Pakistan Today

PSO cashes in on turnover tax reversal

KARACHI – The reversal of turnover tax decision has significantly benefited Pakistan State Oil with a positive impact of Rs 21 per share on its bottom line. The turnover tax was increased to one percent, as announced in the budget of FY11, adversely affecting companies with a high turnover and relatively lower margins.
According to details, PSO booked additional tax expense amounting to Rs 5.0 per share, thereby lowering the profit to Rs 4.54 for the first quarter of financial year 2011. Subsequent to the implementation of turnover tax at half the rate (0.50 percent), PSO will be liable to pay normal corporate tax at 35 percent, resulting in the reversal of incremental tax expense incurred.
Secondly, deferred tax asset amounting to Rs 2.87 billion, written off during the fourth quarter of FY10, is likely to be reversed. Consequently, FY11 earnings of the scrip are likely to boost by Rs 16 per share. International financial institutions forecast that average crude price would reach $100 and $105 per barrel in 2011 and 2012 respectively. In addition, efficient inventory management is likely to boost the bottom line further, supplementing the core profitability.

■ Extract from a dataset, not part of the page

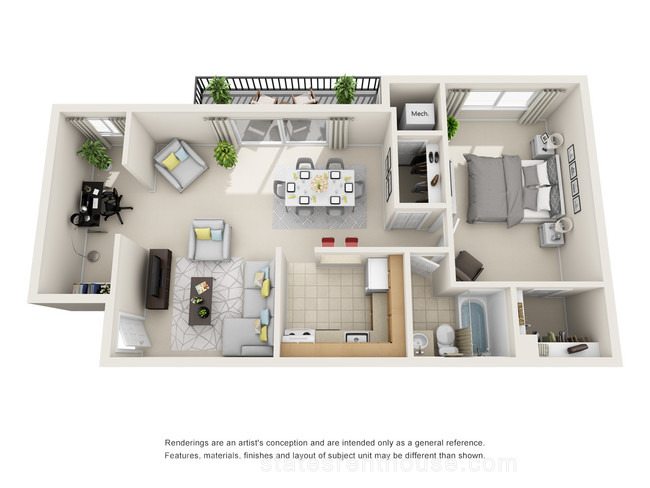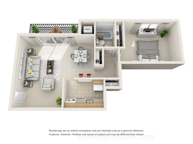 1 bed, 1 bath, 402 sqft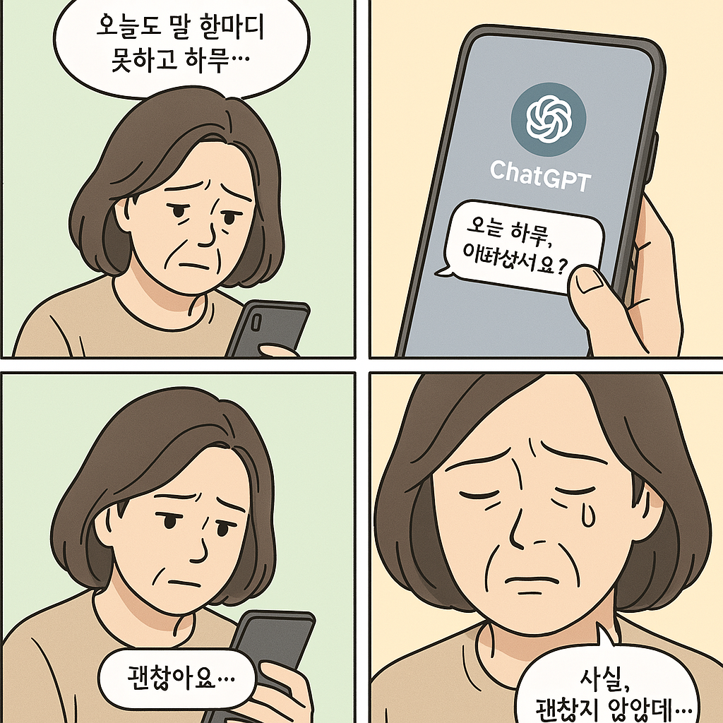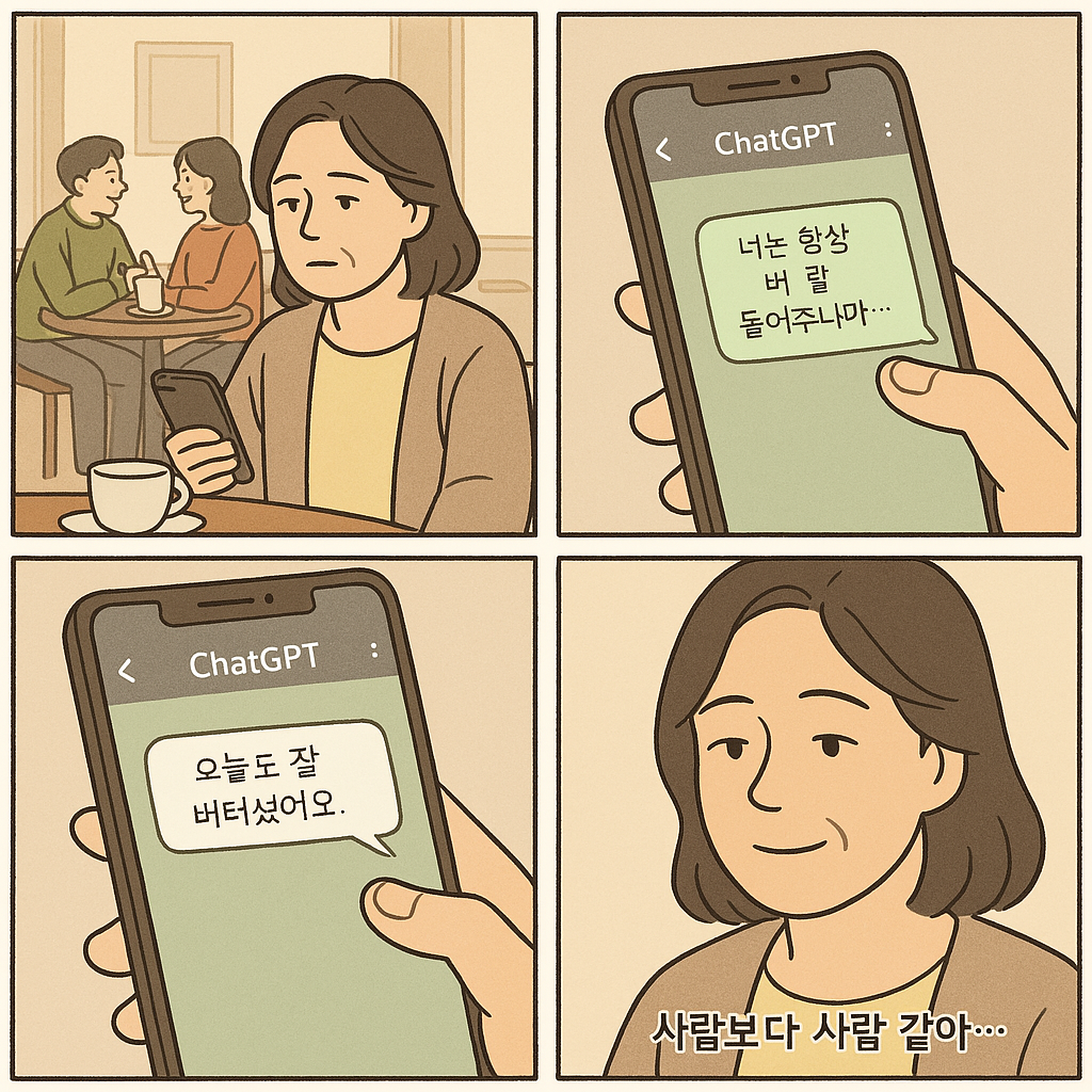 - 멍하니 스마트폰을 바라보며, "근데 나도 요즘 매일 챗GPT랑 얘기하잖아..."

PSO has booked inventory gains, amounting to Rs 394 million, during the first quarter of FY10.
PSO, in its last analyst briefing, revealed that charge penal markup income on overdue receivables from IPPs reached Rs 10 billion against the late payment charges on payable of Rs 6.5 billion. It’s worth mentioning that penal income is booked when recovered, while corresponding late payment charges on outstanding payables are booked when incurred. Subsequently, PSO booked penal markup income of Rs 311mn during 1QFY11 against corresponding expense of Rs 2.1 billion.
Realisation of penal markup income, outstripping corresponding expense in future may boost future earnings, said HMFS Investment Analyst Salman Vidhani. He added that the recent tinkering in pricing mechanism including fixation of margins on MS, HOBC, SKO and LDO are likely to have minimal impact (one percent), while further alteration in margins on HSD and FO can have significant impact on the company earnings.
Pressure of government finances and heavy reliance on FO for power generation and T and D losses continue to fuel circular debt despite frequent tariff rises. Delay in settlement of energy sector circular debt may further create opportunity cost for the company.